Could not have been said simpler.


----------



## sebastian (Aug 11, 2004)

I deleted two posts. One because it was rude, and one because if i didn't delete it, it would have made the other person angry. All in all though, none of you reading this thread are missing much by having those two posts removed.


----------



## agentcooper (Mar 10, 2005)

sebastian, you must have the best taste in music! i love all of your quotes.


----------



## sebastian (Aug 11, 2004)

I was thinking the same thing with your pixies quotes, and your obvious appreciation of Twin Peaks. Is this the start of something special?


----------



## agentcooper (Mar 10, 2005)

wink, wink... :wink:


----------



## Guest (May 27, 2005)

simpler=?


----------



## Guest (May 28, 2005)

can you say clearly what point are you trying make ? or just you want to laugh?


----------



## Guest (Jun 2, 2005)

Wait. I'm confused. What's this thread about?


----------



## Guest (Jun 2, 2005)

:? Weren't you the one that left?


----------



## Brainsilence02 (Jan 29, 2005)

can said:


> well , it is ---- . i always felt alone among ---- . I just can not solve why . Sure there is something like ---- mind , people behaving this way then other way . i do not see them honest . At the university ---- girls expressed their like towards me but i did never felt comfortable with them . when i was abroad people used to tell me that i never look like --- , he said i am rather american . maybe thats why girls liked me . I have never felt fully with people here . I dont know if i ever try to go abroad i would feel better .
> --- just can not talk serious with discipline . all they do is talking funny things , trying to escape many questions by doing that . as i said i do not see them honest . they gossip a lot. When they are given some responsibility like offical duty they become like authority.
> 
> what else can i say more , i am like a stranger here .

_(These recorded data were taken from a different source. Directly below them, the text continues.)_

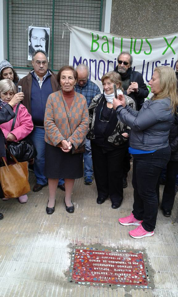 Colocamos una baldosa, junto a su hermana Emilia, otros familiares y amigos, frente a su casa de infancia, ubicada en Fraga 568, el 3 de junio de 2017.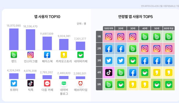 네이버밴드는 모임에 최적화 되어 있는 SNS라고 할 수 있습니다. 오픈형보다는 폐쇄형에 가까운 SNS라 할 수 있겠습니다. 물론 검색을 하면 다 나오기 때문에 완전한 폐쇄형이라고는 할 수는 없지만 자세한 정보를 위해선 그 밴드에 가입을 해야만 볼 수 있는 것도 많기 때문에 이런 부분은 밴드의 특징이라고 할 수 있겠네요. 최근에는 모임뿐만 아니라 여러가지 물건을 파는데에도 하나의 인터넷 매장으로써의 역할도 담당하고 있는 것을 볼 수 있습니다. 그리고 아무래도 이용하는 나이대가 40대 이상에서 많이 사용하는 것을 볼 수 있습니다. 아래는 국내 SNS 앱사용자 순위와 연령별 앱 사용자 순위입니다. 참고하시면 되겠습니다.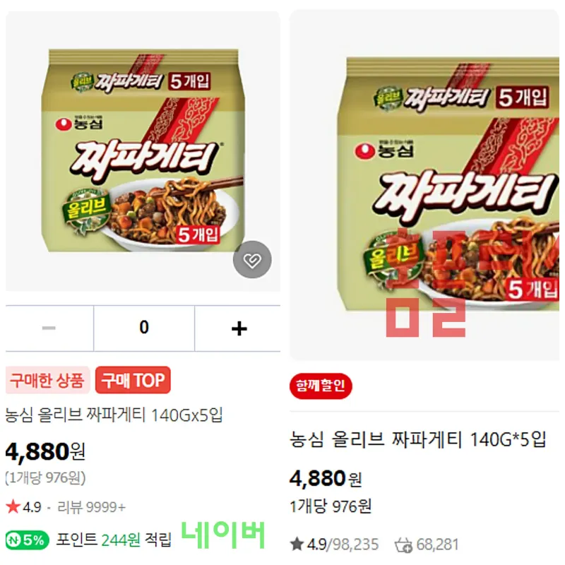 하지만, 네이버는 구매하면 포인트가 5%씩 적립되니깐, 네이버 장보기에서 구매하는 게 훨씬 더 합리적이라 생각했습니다.
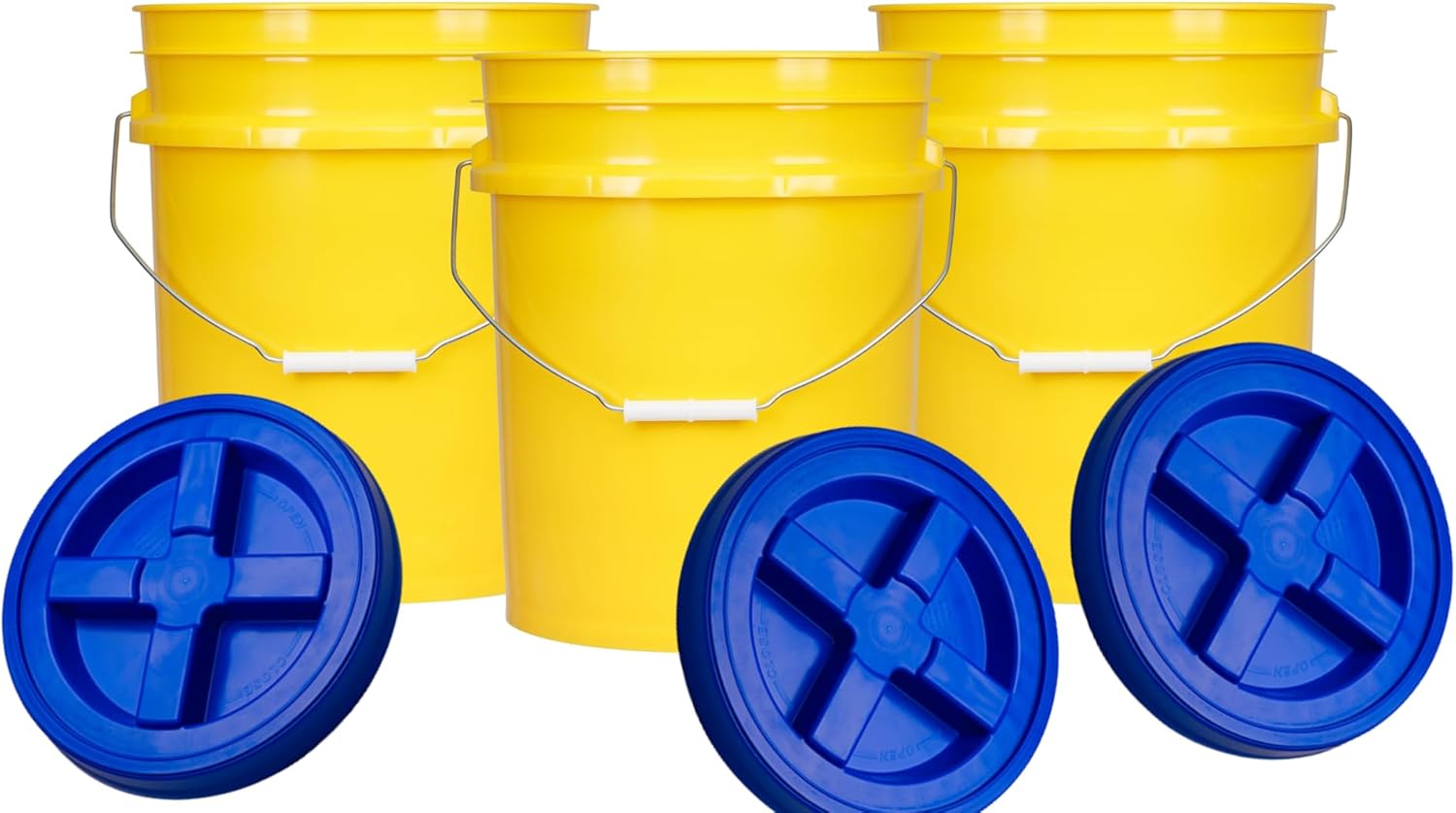 House Naturals 5 Gallon Plastic Yellow Food Grade BPA Free Made in USA Bucket Pail with Air Tight Double Gasket Screw on Lid(Pack of 3) (Yellow and Blue lids)

Because of dakotajo's referance to turkey (which, in English, is a word for a country and a bird), I assume that you must be from Turkey. If you notice my location, you will see that I am from Greece. We are supposed to be deadly enemies  Which is of cource laughable. Just because someone big head (politicians, etc) want me to hate Turkey, doesn't mean that I have to.

I understand that, because of religious and cultural reasons, you feel different from the majority of people in this board. Well, I expected to feel this way too, but I don't. I think that people are the same, all over the world. Only a few minor things change. The fact that I am irreligious might have helped. And the fact that I doubt for everything --including the cheques of the society that I live has tried to bequeath to me-- might also have helped.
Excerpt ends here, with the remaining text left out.